Kitty Callaghan
AVAILABLE WORKS
Kitty Callaghan’s solo exhibition Collages presents a rigorous examination of constructed imagery through her established methodology of cutting and reweaving sourced material – drawn from vintage publications and her extensive personal photographic archive. Thematically centred on the confluence of botanical representation and historical associations with witchcraft, the exhibition interrogates the latent power dynamics and esoteric knowledge implied by its central proposition: Are all florists witches? This conceptual framework extends Callaghan’s ongoing exploration of femininity, perception, and the archival impulse, positioning floral motifs beyond decoration towards potent symbols of coded knowledge and natural agency.
Building upon the conceptual foundations evident in previous work such as Pixel Asphyxial – which addressed memory’s fallibility and the paradox of digital permanence – Collages marks a significant evolution in material practice. Alongside intricate woven photographic pieces, Callaghan introduces large-scale, layered suspended textiles and timber-based photographic assemblages. These new formats function as spatial interventions and structural supports, transforming fragmented two-dimensional imagery into immersive environments and object-based constructions. The suspended textiles suggest ethereal screens or veiled spaces, whilst the timber assemblages evoke ritualistic artefacts or archival containers, grounding the ephemeral quality of the collaged image within a tangible materiality.

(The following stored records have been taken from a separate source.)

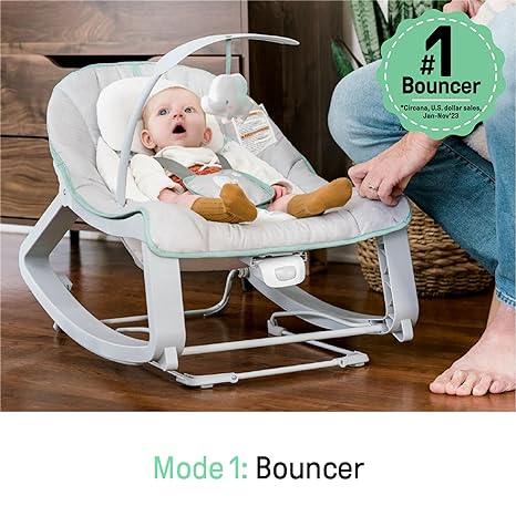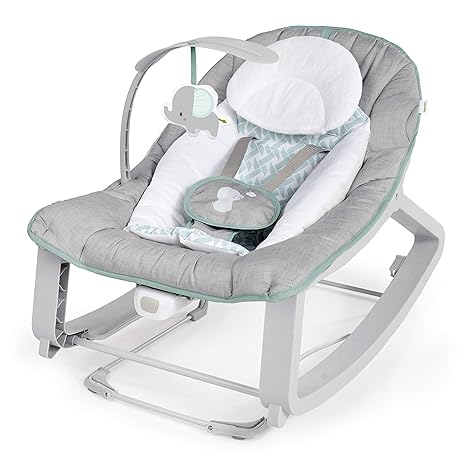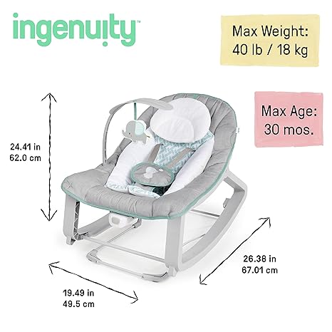 he Ingenuity Keep Cozy 3-in-1 Grow with Me Bounce & Rock Seat grows with baby and is designed to be enjoyed for years. Choose between bouncing, rocking, or a stationary seat. Soothing vibrations, two reclining positions, and a removable infant bolster help newborns feel snug and secure. As your child grows, the infant seat will become their favorite comfy spot in the house. The Keep Cozy™ includes a detachable hanging toy to provide playtime entertainment while at home or on the go. Its soft, neutral design blends right into your home, so you can feel comfortable leaving it out for anyone to see. Accommodates infants and toddlers up to 40 pounds.
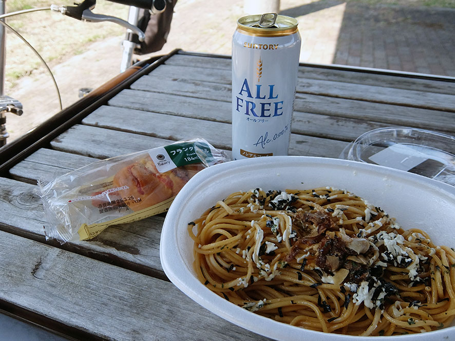 14時近くですが、ようやく昼ごはんです。我慢できずにノンアル飲料付き(苦笑)。
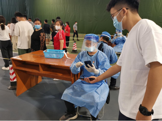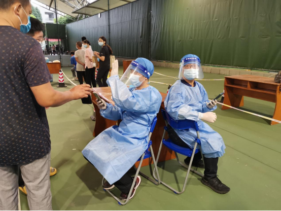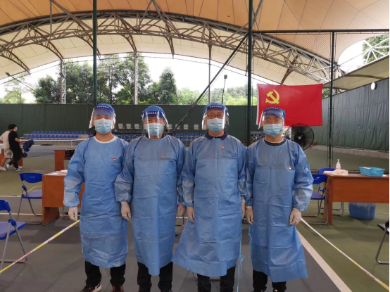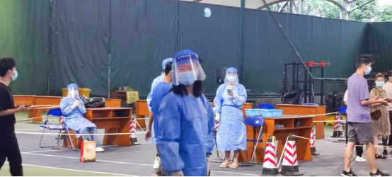 英国威廉希尔公司教师党员在江安校区网球场核酸检测点工作现场
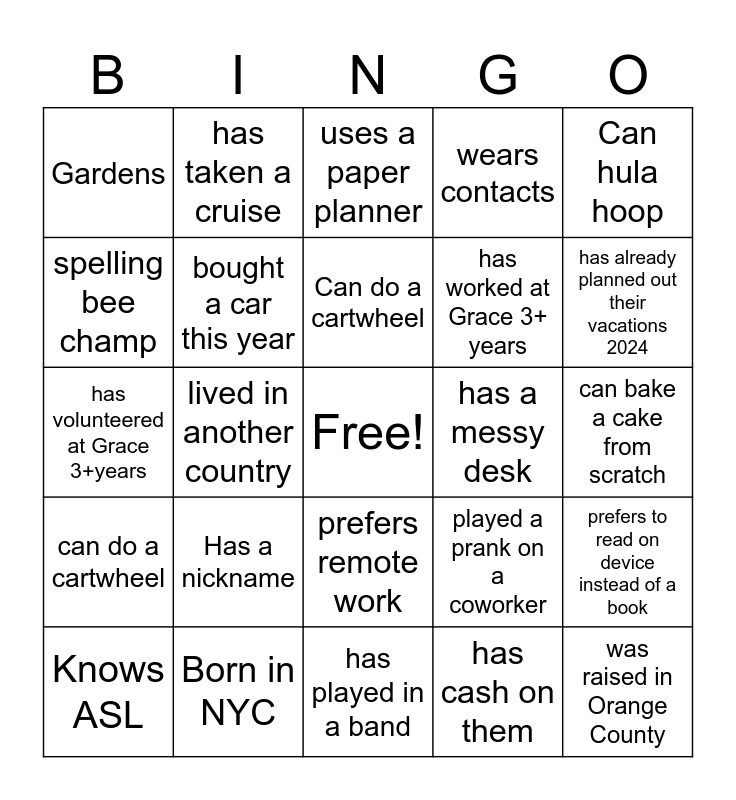 This bingo card has a free space and 24 words: Has a nickname, Born in NYC, Can do a cartwheel, Knows ASL, Can hula hoop, Gardens, spelling bee champ, has taken a cruise, has a messy desk, prefers remote work, has worked at Grace 3+ years, has volunteered at Grace 3+years, played a prank on a coworker, prefers to read on device instead of a book, bought a car this year, has cash on them, can bake a cake from scratch, uses a paper planner, has already planned out their vacations 2024, lived in another country, was raised in Orange County, can do a cartwheel, wears contacts and has played in a band.
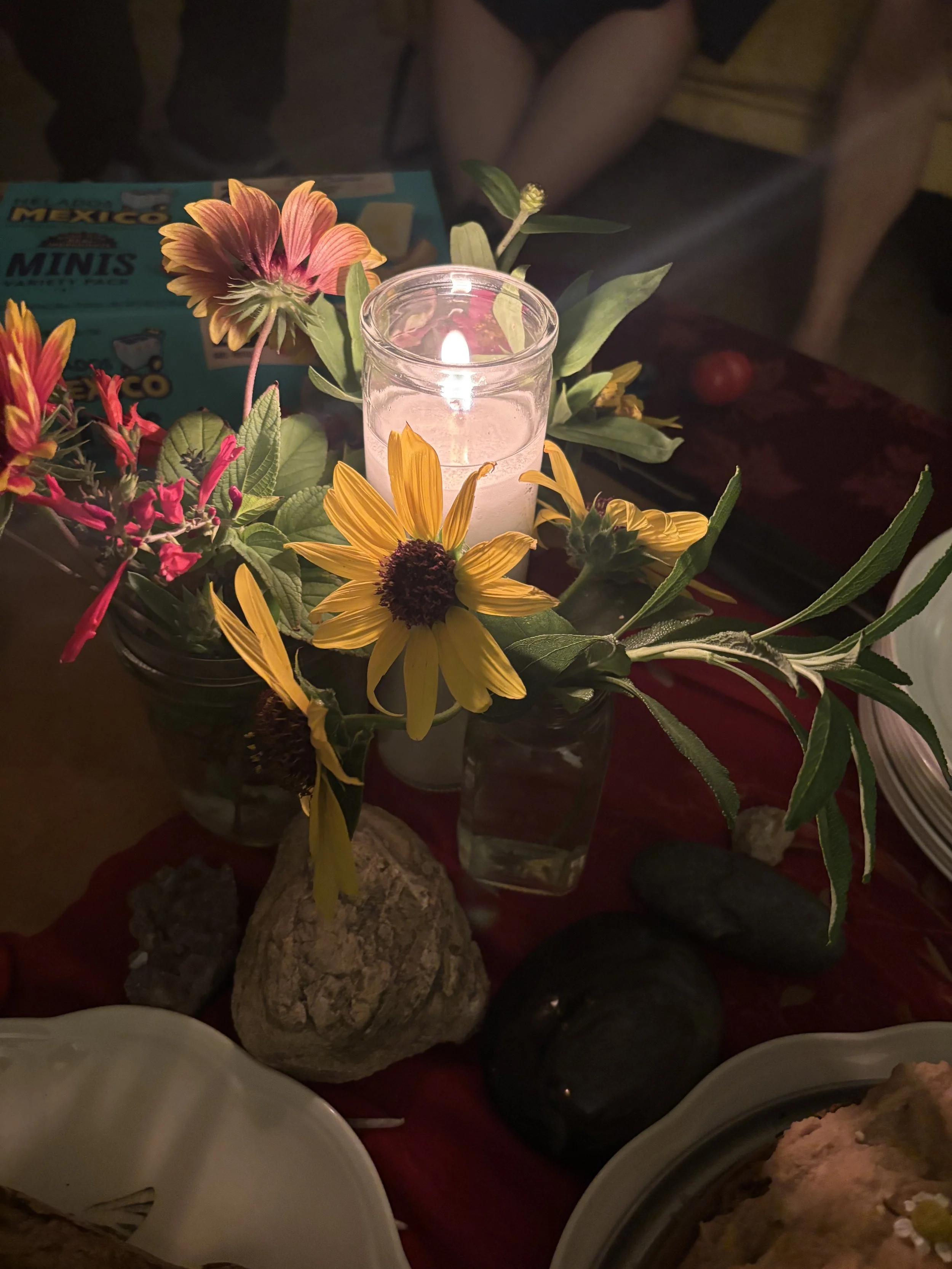 I gather members of the lgbtq+ community to share poetry around a candle lit altar covered in rocks and stones. The stones listen to the poetry and then we place them reverberating on the earth.
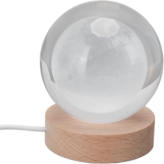 🌌 Unique and Realistic Design: The interior of the transparent crystal ball reveals fascinating 3D patterns, evoking the beauty of the cosmos, moon, galaxy, and more, while the unpainted solid wood base adds a natural and elegant touch.
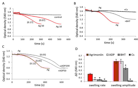 Induction of the mitochondrial swelling by agrimoniin and the influence of MPTP inhibitors. Induction of the swelling of mitochondria by additions of 10 µM and 50 µM agrimoniin (A); the influence of butyl-hydroxytoluene (BHT, 10 µM), cyclosporine A (Cs, 2 µM) (B) and ADP (50 and 200 µM) (C) on the induction of swelling by agrimoniin; D influence of inhibitors on the rate and amplitude of the swelling induced by agrimoniin (D). Swelling rates (ΔD/min) are indicated in parentheses. Asterisk (*) indicates values that differ significantly from the control values (p < 0.05).
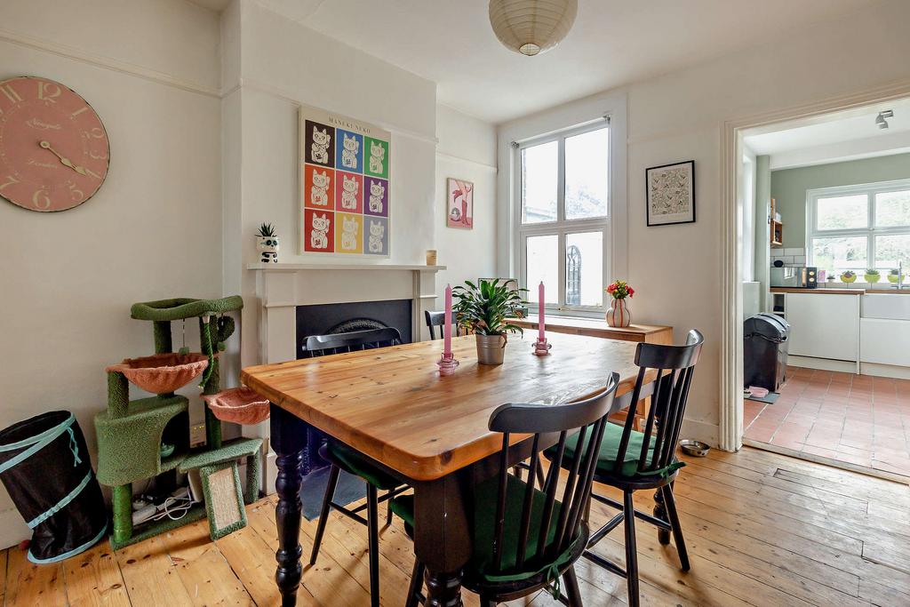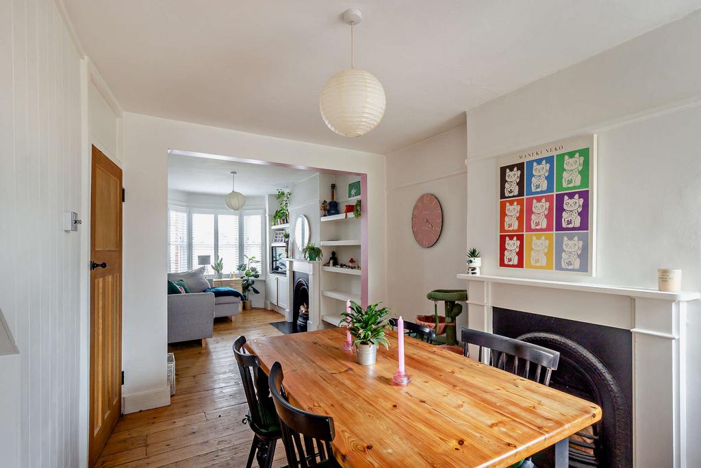 The spacious lounge boasts two built-in fireplaces, a front aspect bay window, a second window offering rear views and wood flooring. From here the room flows seamlessly to the kitchen.

Through this expanded practice, Callaghan critically engages the mechanics of vision and representation. The systematic deconstruction of source imagery – whether found botanical illustrations or her own ‘moments chosen... to live in perpetuity’ – and their meticulous reconstruction via weaving and assemblage directly confronts photography’s presumed indexicality. This labour-intensive process deliberately introduces subjective distortion and temporal dislocation, generating disorienting compositions that destabilise singular readings. Oscillating between analogue handcraft and digital origins, Callaghan’s work compels a reconsideration of identity, the female gaze, and the nature of the photographic document itself within an era of overwhelming visual saturation.